L'Ofcom, l'autorité britannique de régulation des communications, a lancé une enquête sur la plateforme de médias sociaux X d'Elon Musk, anciennement connue sous le nom de Twitter, suite à des préoccupations concernant la prolifération de deepfakes sexuellement explicites générés par Grok, le chatbot d'intelligence artificielle de X. L'enquête, annoncée mercredi, porte sur la question de savoir si X a suffisamment protégé ses utilisateurs, en particulier les enfants, contre les contenus préjudiciables générés par l'outil d'IA.
L'enquête examinera la conformité de X à la loi sur la sécurité en ligne (Online Safety Act), qui impose aux plateformes un devoir de diligence légal pour protéger les utilisateurs contre les contenus illégaux et préjudiciables. L'Ofcom évaluera spécifiquement l'efficacité des systèmes et des processus de X pour identifier et supprimer les deepfakes sexuels générés par l'IA, ainsi que ses mesures visant à empêcher les utilisateurs d'être exposés à de tels contenus.
Les deepfakes, un mot-valise combinant "deep learning" (apprentissage profond) et "fake" (faux), sont des médias synthétiques dans lesquels une personne figurant dans une image ou une vidéo existante est remplacée par la ressemblance d'une autre personne. Cette technologie, alimentée par des algorithmes d'IA sophistiqués, peut être utilisée pour créer un contenu réaliste mais entièrement fabriqué. Bien que les deepfakes aient diverses applications potentielles, notamment dans le divertissement et l'éducation, ils présentent également des risques importants, en particulier lorsqu'ils sont utilisés pour créer de la pornographie non consensuelle ou pour diffuser de la désinformation. La relative facilité avec laquelle des deepfakes convaincants peuvent désormais être créés et diffusés suscite de vives inquiétudes quant à leur potentiel de nuisance pour les individus et la société.

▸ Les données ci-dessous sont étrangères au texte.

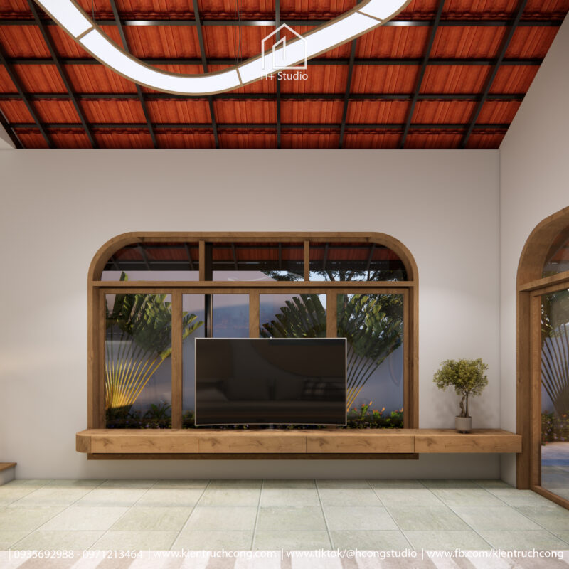 Trần cao thông thoáng với mái ngói lộ kết cấu – giúp công trình vừa mát mẻ vừa mang lại trải nghiệm không gian sống khác biệt.
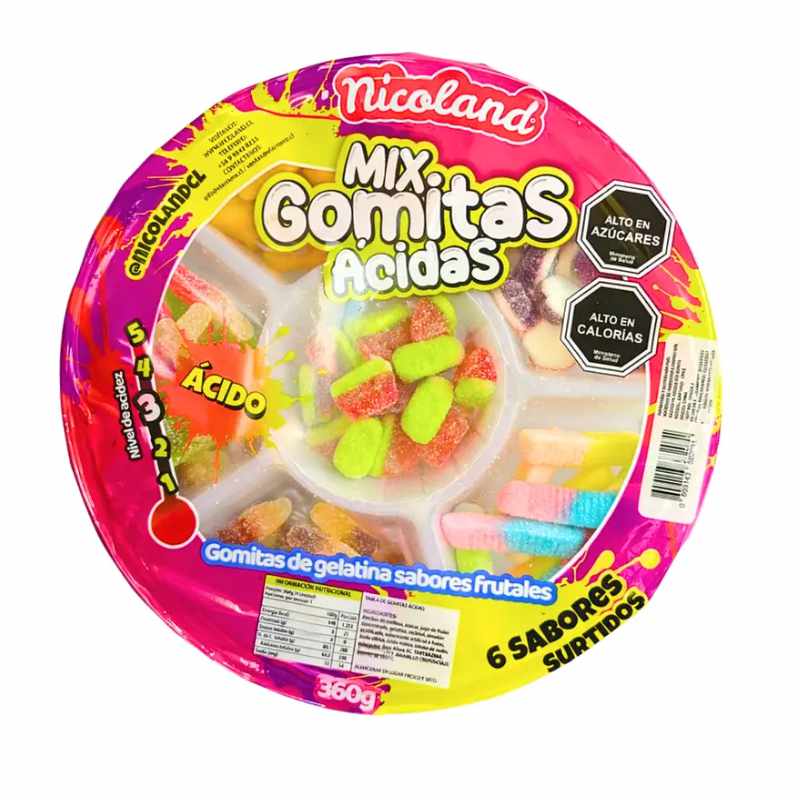 Prepárate para un golpe de sabor con el Mix de Gomitas Ácidas Nicoland, una tentadora selección de gomitas de gelatina con intensos sabores frutales y un punto ácido que estimula el paladar desde el primer bocado. Cada sección del mix ofrece una variedad distinta, ideal para compartir, disfrutar solo o poner a prueba tu tolerancia a la acidez.

"La protection des enfants en ligne est non négociable, et la loi sur la sécurité en ligne nous donne les outils nécessaires pour demander des comptes aux plateformes", a déclaré un porte-parole de l'Ofcom dans un communiqué. "Nous enquêtons sur X pour nous assurer qu'ils prennent les mesures nécessaires pour empêcher la diffusion de contenus préjudiciables générés par l'IA."
X n'a pas encore publié de déclaration officielle concernant l'enquête de l'Ofcom. Cependant, Elon Musk a précédemment déclaré que X s'engageait à lutter contre la diffusion de contenus préjudiciables sur sa plateforme et qu'il travaillait activement à l'amélioration de ses systèmes de modération de contenu.
Cette enquête intervient dans un contexte de surveillance mondiale croissante des préjudices potentiels associés aux contenus générés par l'IA. Les gouvernements et les organismes de réglementation du monde entier s'efforcent de réglementer cette technologie en évolution rapide tout en favorisant l'innovation. L'Union européenne, par exemple, finalise sa loi sur l'IA (AI Act), qui établira un cadre juridique complet pour le développement et le déploiement de l'IA.
L'issue de l'enquête de l'Ofcom pourrait avoir des implications importantes pour X et les autres plateformes de médias sociaux qui intègrent de plus en plus l'IA dans leurs services. Si l'Ofcom constate que X n'a pas suffisamment protégé ses utilisateurs contre les contenus préjudiciables générés par l'IA, l'entreprise pourrait se voir infliger de lourdes amendes et être tenue de mettre en œuvre des mesures de modération de contenu plus strictes. L'enquête est en cours et l'Ofcom devrait fournir une mise à jour de ses conclusions dans les prochains mois.